_Dataset section_:
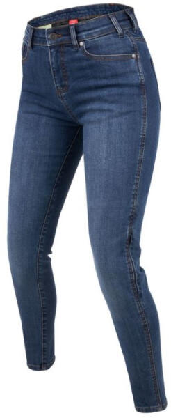 A farmer 81% pamutból készült, 16% poliészter és 3% elasztánnal. Farmer elasztánnal a jobb illeszkedés és kényelem érdekében. Modern szabású, Skinny fit magasderekú farmer. Kivehető CE - level 2 térdprotektorral (a protektor magassága állítható). Kivehető CE – level 1 csípőprotektorral. Bevarrt kopásálló panelek a térd, csípő és derékrészen. Térd felett és a de
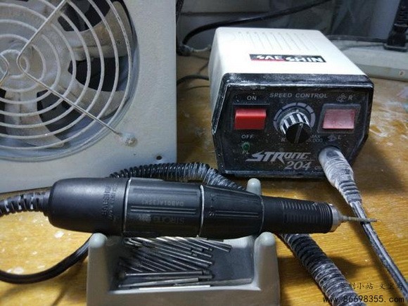 这里开始用到雕刻机,利用各种尺寸的金刚砂磨头完成。(见图5-7)
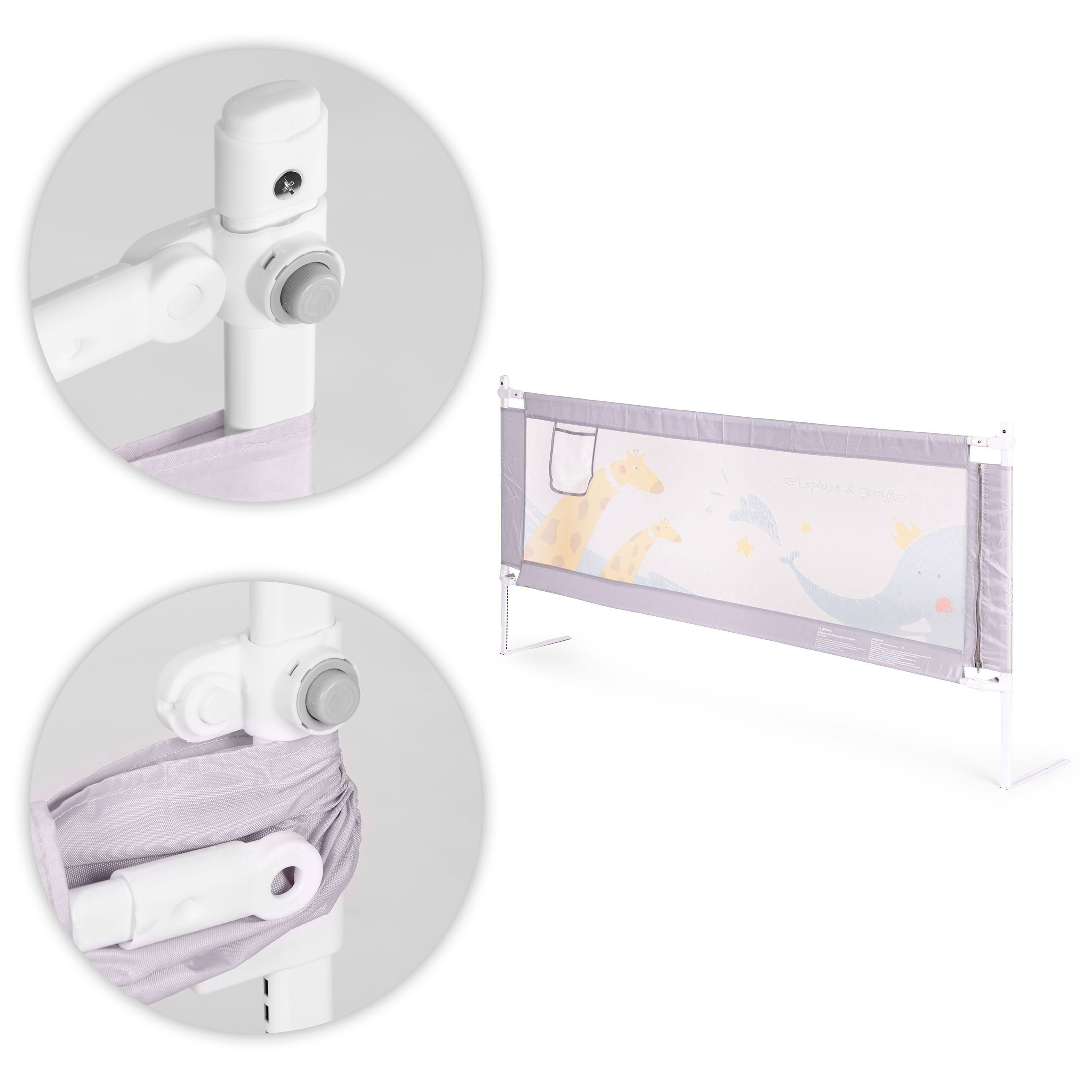 • Barierka posiada przycisk umożliwiający regulację wysokości, dzięki czemu można ją dostosować do różnych grubości materacy. To rozwiązanie sprawia, że osłona zawsze idealnie przylega do łóżka, zwiększając bezpieczeństwo użytkowania.
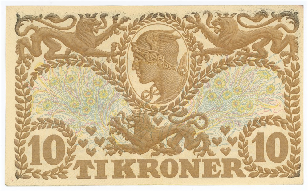 10 kroner 1934 F, nr. 1601495, V. Lange / Gjellerup. Lidt misfarve midt på advers.

_Problem statement_:
Output all of the data exactly. Skip the pictures.

_Response area_:
 A farmer 81% pamutból készült, 16% poliészter és 3% elasztánnal. Farmer elasztánnal a jobb illeszkedés és kényelem érdekében. Modern szabású, Skinny fit magasderekú farmer. Kivehető CE - level 2 térdprotektorral (a protektor magassága állítható). Kivehető CE – level 1 csípőprotektorral. Bevarrt kopásálló panelek a térd, csípő és derékrészen. Térd felett és a de
 这里开始用到雕刻机,利用各种尺寸的金刚砂磨头完成。(见图5-7)
 • Barierka posiada przycisk umożliwiający regulację wysokości, dzięki czemu można ją dostosować do różnych grubości materacy. To rozwiązanie sprawia, że osłona zawsze idealnie przylega do łóżka, zwiększając bezpieczeństwo użytkowania.
 10 kroner 1934 F, nr. 1601495, V. Lange / Gjellerup. Lidt misfarve midt på advers.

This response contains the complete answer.